Output the records precisely as they stand. Pictures are to be skipped.

[Dataset records]
┌──

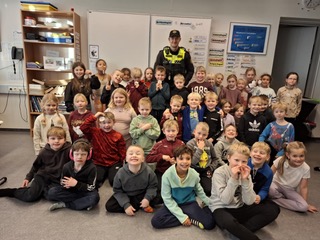 2.bekkur fékk gefins endurskinsmerki og fengu að sjá hvernig endurskinsmerkin lýsast upp þegar ljósið skín á þau. Miklar umræður sköpuðust um mikilvægi þess að vera með endurskinsmerki.
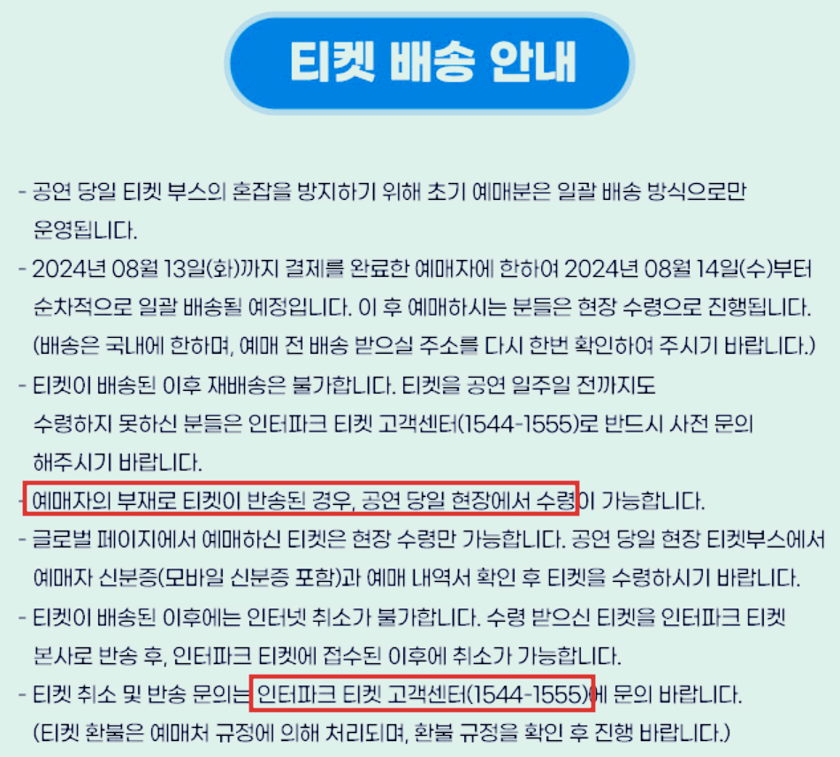 - 티켓 분실 및 미 소지시 입장 불가
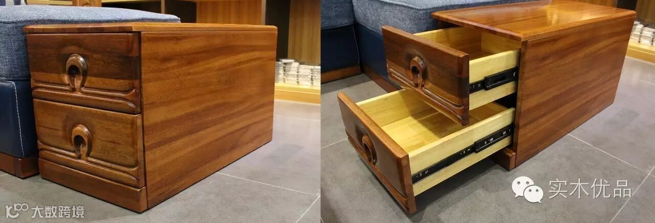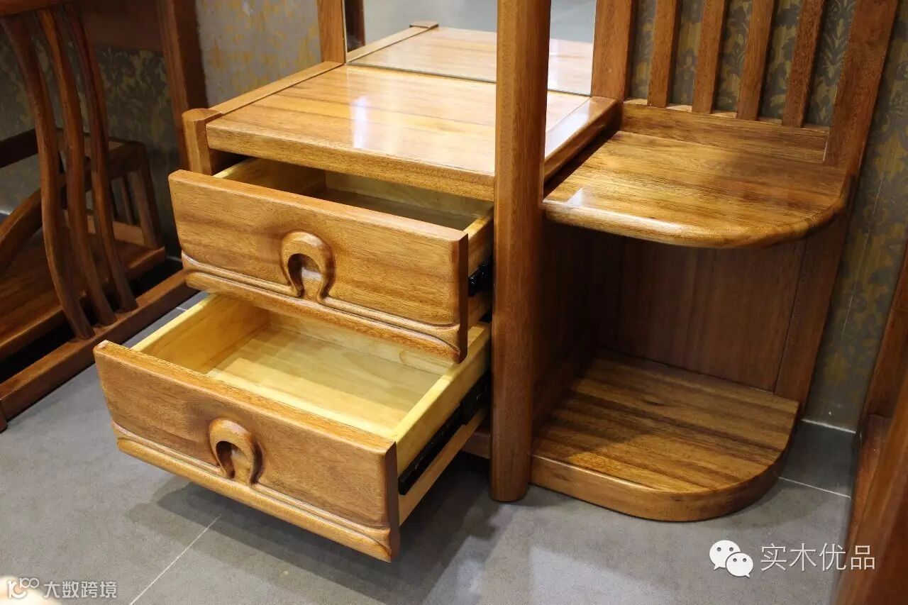 四边都是圆柱,小小的设计心思,避免生活中的磕碰,呵护家人健康尤其是小朋友~整体线条简洁突出整套中式家具最大的设计特点——把手造型。正中2个抽屉容量大,两边一高一低的格柜可分类摆放东西,实用性很强大~
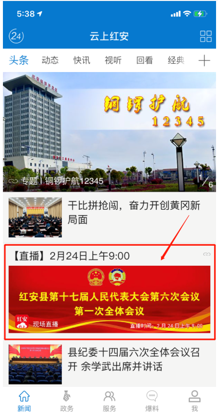红安县第十七届人民代表大会第六次会议第一次全体会议定于2021年2月24日上午9:00在县文化中心影剧院召开,县长刘堂军代表县人民政府向大会报告工作。届时红安县融媒体中心将通过电视、电台、“村村响”广播、红安网、“云上红安”APP同步直播会议实况,敬请收听收看。
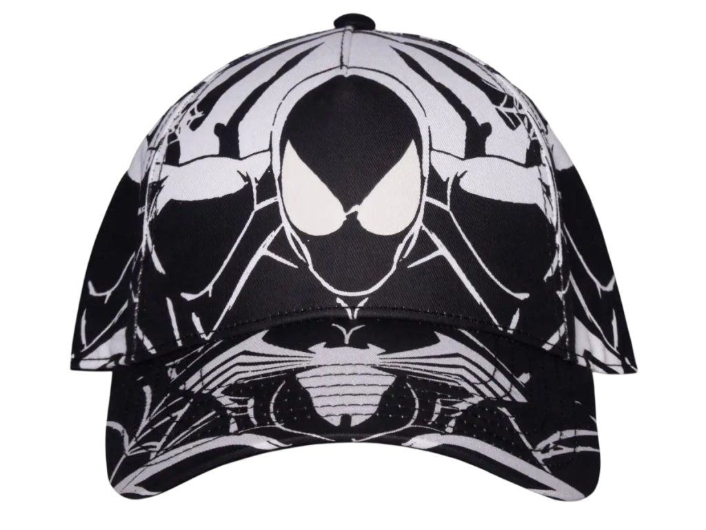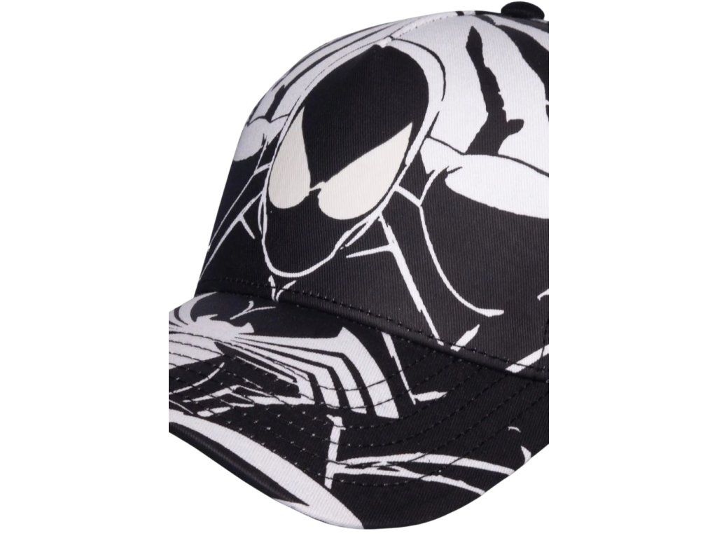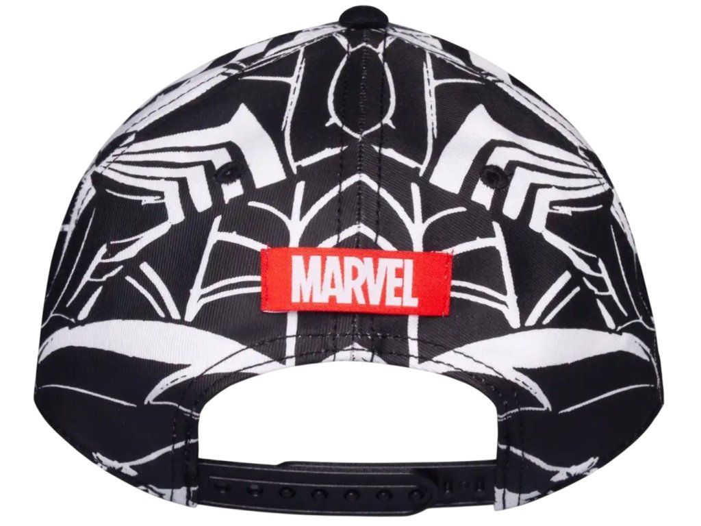 Prémiová bavlněná černo-bílá baseballová kšiltovka s logem Marvel a grafikou postavy superhrdiny Spidermana. Kšiltovka je vzadu otevřená s poutkem na přizpůsobení velikosti. Malé červené logo komiksové společnosti Marvel zvýrazňuje kšiltovku i ze zadní části.

└──

→ REPLY TO THE EXERCISE:
 2.bekkur fékk gefins endurskinsmerki og fengu að sjá hvernig endurskinsmerkin lýsast upp þegar ljósið skín á þau. Miklar umræður sköpuðust um mikilvægi þess að vera með endurskinsmerki.
 - 티켓 분실 및 미 소지시 입장 불가
 四边都是圆柱,小小的设计心思,避免生活中的磕碰,呵护家人健康尤其是小朋友~整体线条简洁突出整套中式家具最大的设计特点——把手造型。正中2个抽屉容量大,两边一高一低的格柜可分类摆放东西,实用性很强大~
红安县第十七届人民代表大会第六次会议第一次全体会议定于2021年2月24日上午9:00在县文化中心影剧院召开,县长刘堂军代表县人民政府向大会报告工作。届时红安县融媒体中心将通过电视、电台、“村村响”广播、红安网、“云上红安”APP同步直播会议实况,敬请收听收看。
 Prémiová bavlněná černo-bílá baseballová kšiltovka s logem Marvel a grafikou postavy superhrdiny Spidermana. Kšiltovka je vzadu otevřená s poutkem na přizpůsobení velikosti. Malé červené logo komiksové společnosti Marvel zvýrazňuje kšiltovku i ze zadní části.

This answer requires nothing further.